А вот еще в письме Чехова из Ялты год спустя в связи с важными ялтинскими новостями:«Мне один местный поэт говорил, что в Ялту приедет Елена Алексеевна. Посоветуйте ей не приезжать до винограда, т.е. раньше 15-20 августа».

Старший сын барона Ивана Карловича (а стало быть преемник баронского титула и вдобавок отец героя этой книги) Владимир рос вдалеке от родительского крова. Он окончил лицей в Ставрополе, учился в кавалерийской казачьей школе, прошел все ступени военной службы, участвовал в сражениях, служил в конногвардейском уланском полку, рано получил лейтенантское, а потом и капитанское звание, был ранен в бою. Двадцати девяти лет от роду он женился на дочери генерала Саханского Ольге, которая родила ему двух сыновей Ивана и Владимира. В 1908 году генерал Владимир де Сталь получил вполне престижный пост помощника коменданта Петропавловской крепости. Ни сама Петропавловская крепость ни ее коменданты больше не играли былой роли в жизни российской армии. Новый пост был заслуженной синекурой, наградой за долгую и безупречную службу. Уже подрос к тому времени старший сын генерала, да и младшему было двенадцать. Стройный молодцеватый генерал начал помаленьку вписываться в неторопливый ритм крепостной жизни, непреклонно отбиваемый мирным звоном старинных курантов, и вдруг подкралась беда. Заболела почтенная Ольга Георгиевна и в начале августа 1909 года пятидесятишестилетний вдовец уже склонялся над гробом супруги в Петропавловском соборе…

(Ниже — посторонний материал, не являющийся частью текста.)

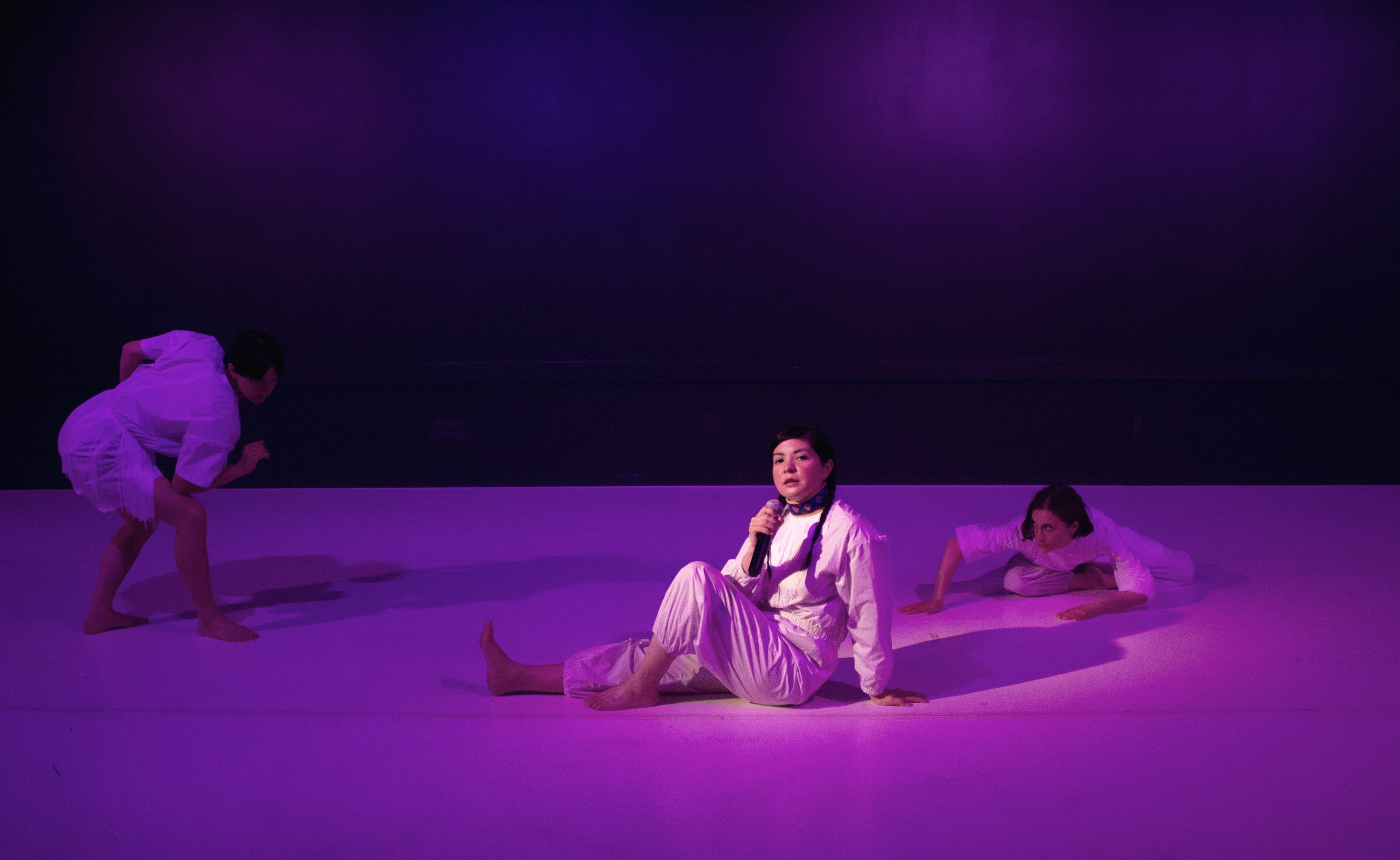 Radio III is a contemporary dance and music performance created by Elisa Harkins, Zoë Oluch, and Hanako Hoshimi-Caines. The piece explores themes of colonialism, and the cycle of life in the past, present, and future through an Indigenous lens. The dances and score portray an Indigenous reaction to the way colonialism affects the way we think about life, death, and the limits put on our perspective. The show’s venue, On the Boards, was an excellent fit for the nature of the performance; the stage is minimalistic in a way that directly complements the performance. Walking into the theater, an open-white space and a foggy haze in the air greets the audience, welcoming us into a dream-like state.

Он остался один, был растерян и одинок в своем особняке за крепостною стеной близ прославленного собора, в котором с петровского времени хоронили русских самодержцев. Ему было страшно оставаться одному, ужинать одному, коротать вечер в одиночестве, обидно, что все прошло так быстро и незаметно, теперь бы только жить да жить после всех армейских скитаний, невзгод, неудобств и опасностей. Обидно, что у него никогда больше не будет детей, вовсе не будет дочки… Впрочем, мы можем только гадать, приписывая ему свои собственные мысли (именно так думал автор этих строк, заводя новую семью после пятидесяти). Суровый воин генерал де Сталь ни с кем не откровенничал. Да и вообще – кто возьмется объяснить, отчего вдруг приходит мужчине в голову эта вряд ли уж столь удачная мысль – искать себе жену, тем более, вторую жену, тем более, когда тебе уже за пятьдесят, и если даже усталость твоя незаметна постороннему, то умученное трудами тело нет-нет да напомнит о старых ранах и возрасте. И все же, заметьте, она приходит к мужчине, пренебрегая его возрастом, эта безумная мысль – искать невесту, заводить новую жену, новых детей…

Москву называли издавна городом невест. Однако ни в царственно-столичном Петербурге, ни даже в захолустно-областном Ленинграде тоже никогда не было недостатка в невестах. В любых невестах, на любой вкус.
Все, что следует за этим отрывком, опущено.